> TASK BRIEF
The answer should be every line below, repeated exactly, with the images left out.

> DATA EXTRACT
== Segment start ==
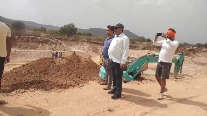 कृत्रिम रेत बना रही एक पोकलेन मशीन और तीन डम्पर जब्त
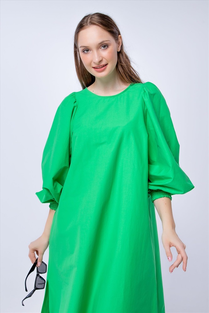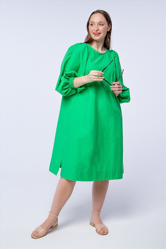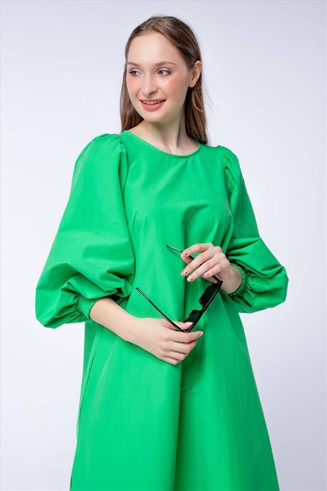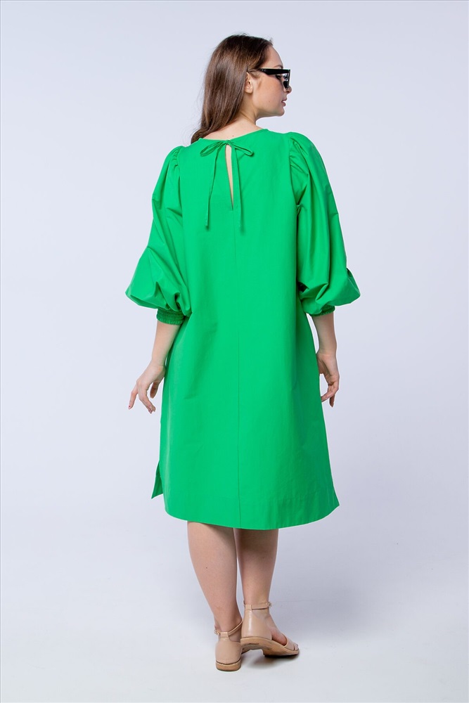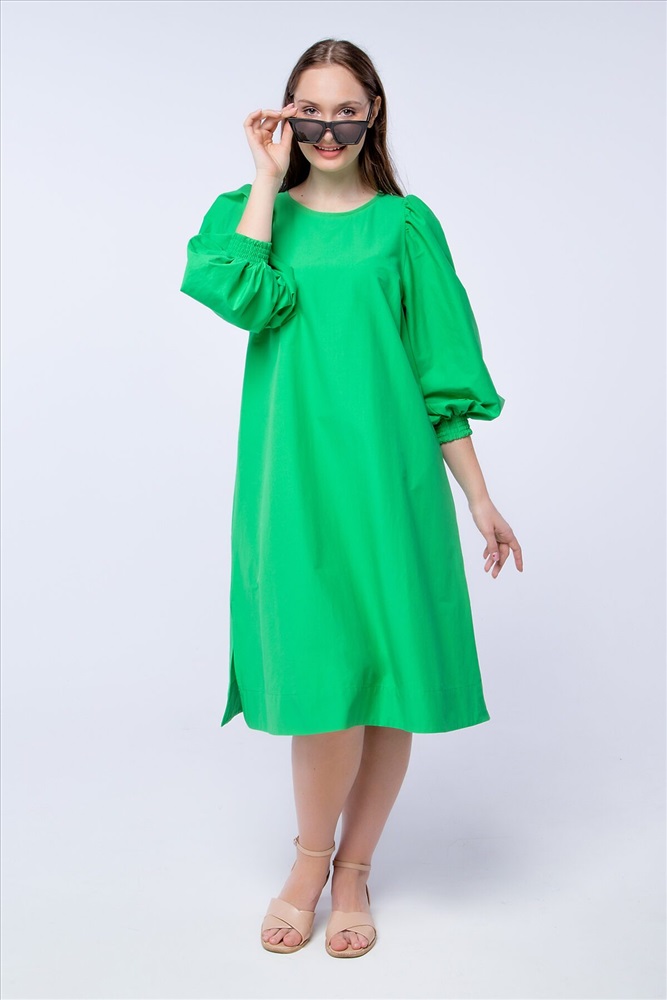 Летнее женское платье свободного силуэта отлично подойдёт обладательницам любого типа фигур. Благодаря своей лёгкости оно скроет все недостатки фигуры и подчеркнёт все достоинства. Кокетливые рукава-фонарики добавят образу воздушности, а манжеты с облегчённой резинкой не будут доставлять дискомфорт на протяжении всего дня. Хлопковая ткань из которой выполнено платье является дышащей и гигроскопичной, а это значит, что даже в самый жаркий летний день вам будет очень комфортно. Грамотно подобранная нашими дизайнерами цветовая гамма не оставит равнодушной ни одну модницу. Рекомендуем носить платье с сандалиями на плоской подошве, классическими белыми кедами и элегантными лодочками.
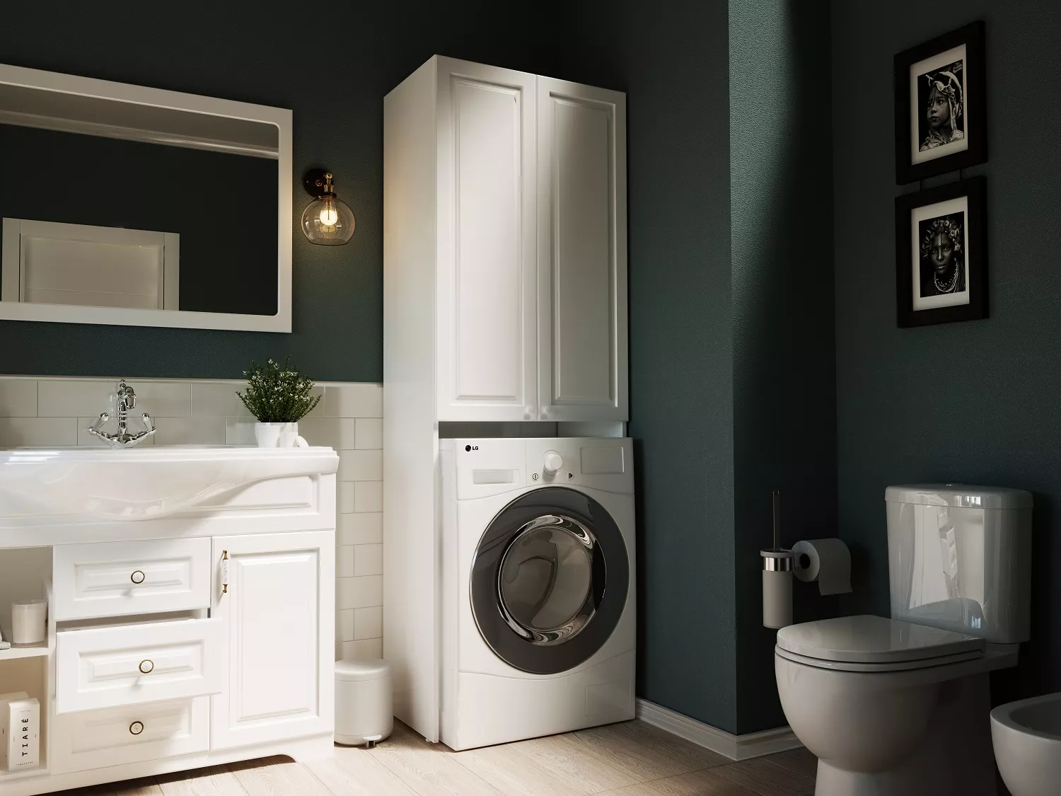 Шкафы для ванной изготавливаются из различных материалов: древесины, волокнистых клееных плит, пластика, натурального камня. Иногда они имеют форму пенала, что позволяет полностью использовать высоту ванной комнаты для хранения банных принадлежностей, не занимая полезную площадь. Поэтому такие шкафы прекрасно походят для ванных комнат небольших размеров.
== Segment end ==
> YOUR RESPONSE
 कृत्रिम रेत बना रही एक पोकलेन मशीन और तीन डम्पर जब्त
 Летнее женское платье свободного силуэта отлично подойдёт обладательницам любого типа фигур. Благодаря своей лёгкости оно скроет все недостатки фигуры и подчеркнёт все достоинства. Кокетливые рукава-фонарики добавят образу воздушности, а манжеты с облегчённой резинкой не будут доставлять дискомфорт на протяжении всего дня. Хлопковая ткань из которой выполнено платье является дышащей и гигроскопичной, а это значит, что даже в самый жаркий летний день вам будет очень комфортно. Грамотно подобранная нашими дизайнерами цветовая гамма не оставит равнодушной ни одну модницу. Рекомендуем носить платье с сандалиями на плоской подошве, классическими белыми кедами и элегантными лодочками.
 Шкафы для ванной изготавливаются из различных материалов: древесины, волокнистых клееных плит, пластика, натурального камня. Иногда они имеют форму пенала, что позволяет полностью использовать высоту ванной комнаты для хранения банных принадлежностей, не занимая полезную площадь. Поэтому такие шкафы прекрасно походят для ванных комнат небольших размеров.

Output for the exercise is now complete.